INFORMATION SHOWN -
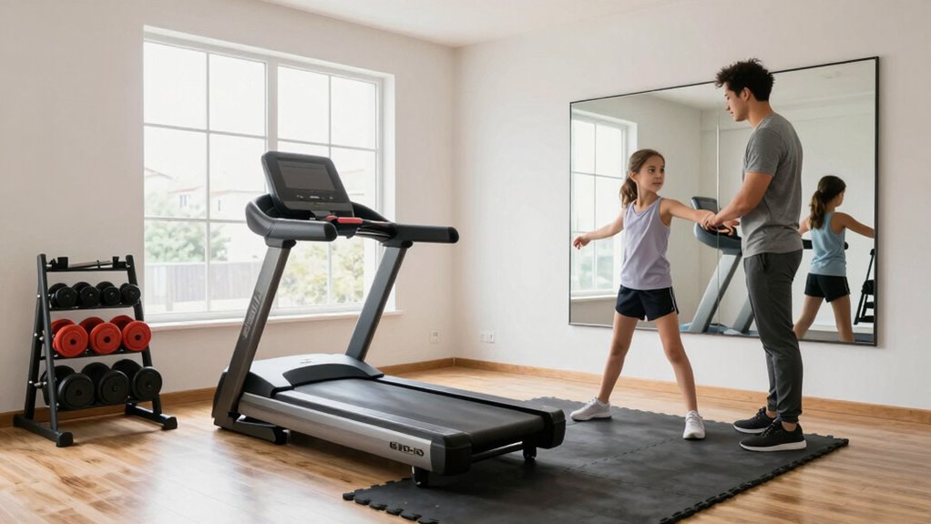 Because safety is crucial, you need to prioritize it when setting up a teen home gym. Proper equipment maintenance is essential to prevent accidents and ensure everything functions correctly. Regularly check weights, machines, and mats for damage or wear, replacing or repairing as needed. This not only keeps the space safe but also boosts your teen’s workout motivation, as they’ll feel more confident and secure during exercise. A well-maintained gym encourages consistency and helps prevent injuries that could sideline their progress. Remember, safety isn’t just about avoiding hazards—it’s about creating an environment where your teen feels motivated and supported to stay active. Prioritizing equipment maintenance demonstrates your commitment to their health and helps foster a positive, safe workout space.
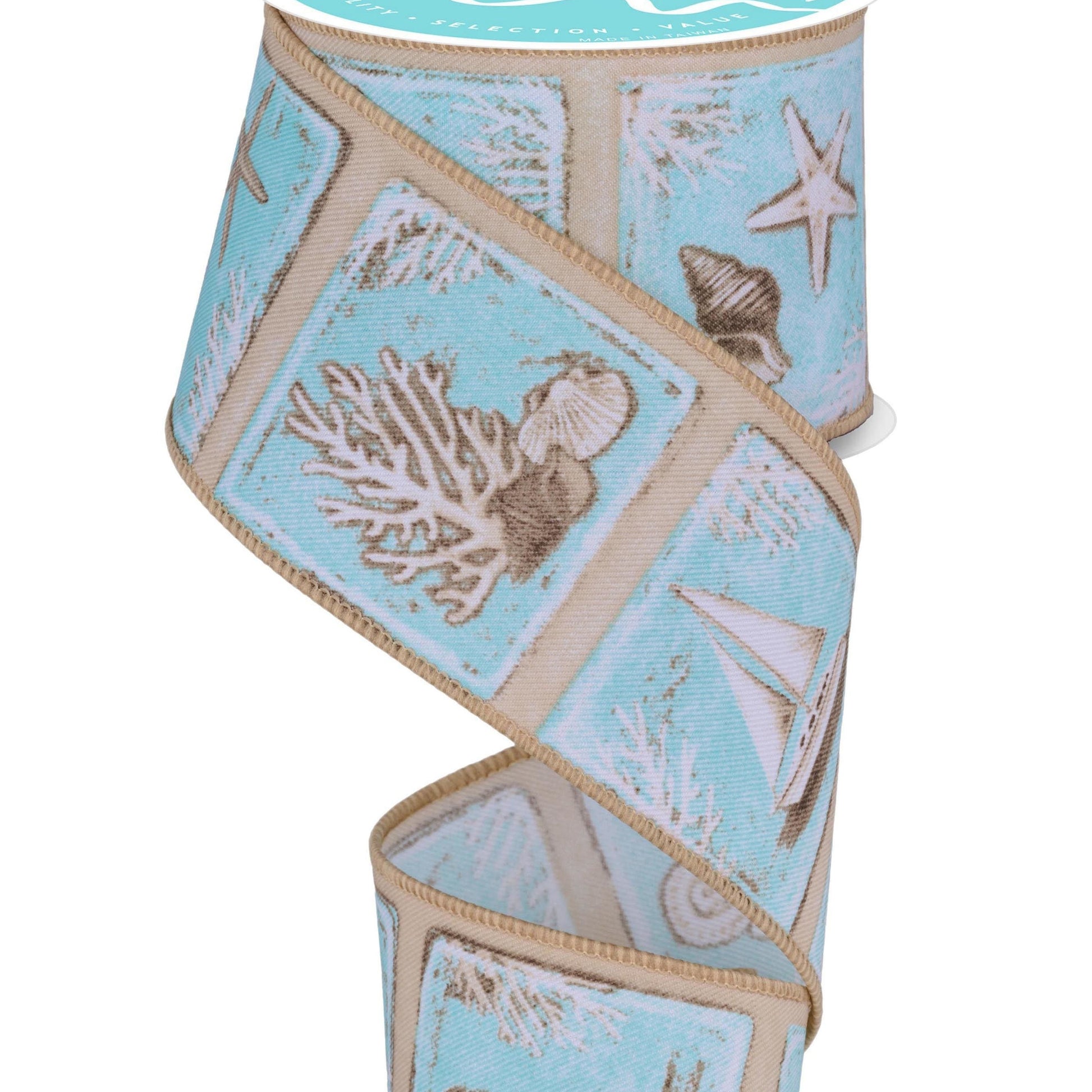 Wired Ribbon * Coastal Blocks * Beige, Mint, Brow and White * 2.5" x 10 Yards * Canvas * RGF14102Y
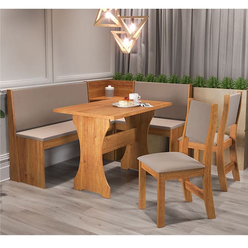 Canto Alemão Fritz Com 2 Cadeiras Sol Cobre/Tabaco - Casa Giulia - Marrom

WORK INSTRUCTIONS - With the pictures left out, copy exactly the lines from the one containing "Wired Ribbon *" through the last line of the data.

TASK ANSWER -
 Wired Ribbon * Coastal Blocks * Beige, Mint, Brow and White * 2.5" x 10 Yards * Canvas * RGF14102Y
 Canto Alemão Fritz Com 2 Cadeiras Sol Cobre/Tabaco - Casa Giulia - Marrom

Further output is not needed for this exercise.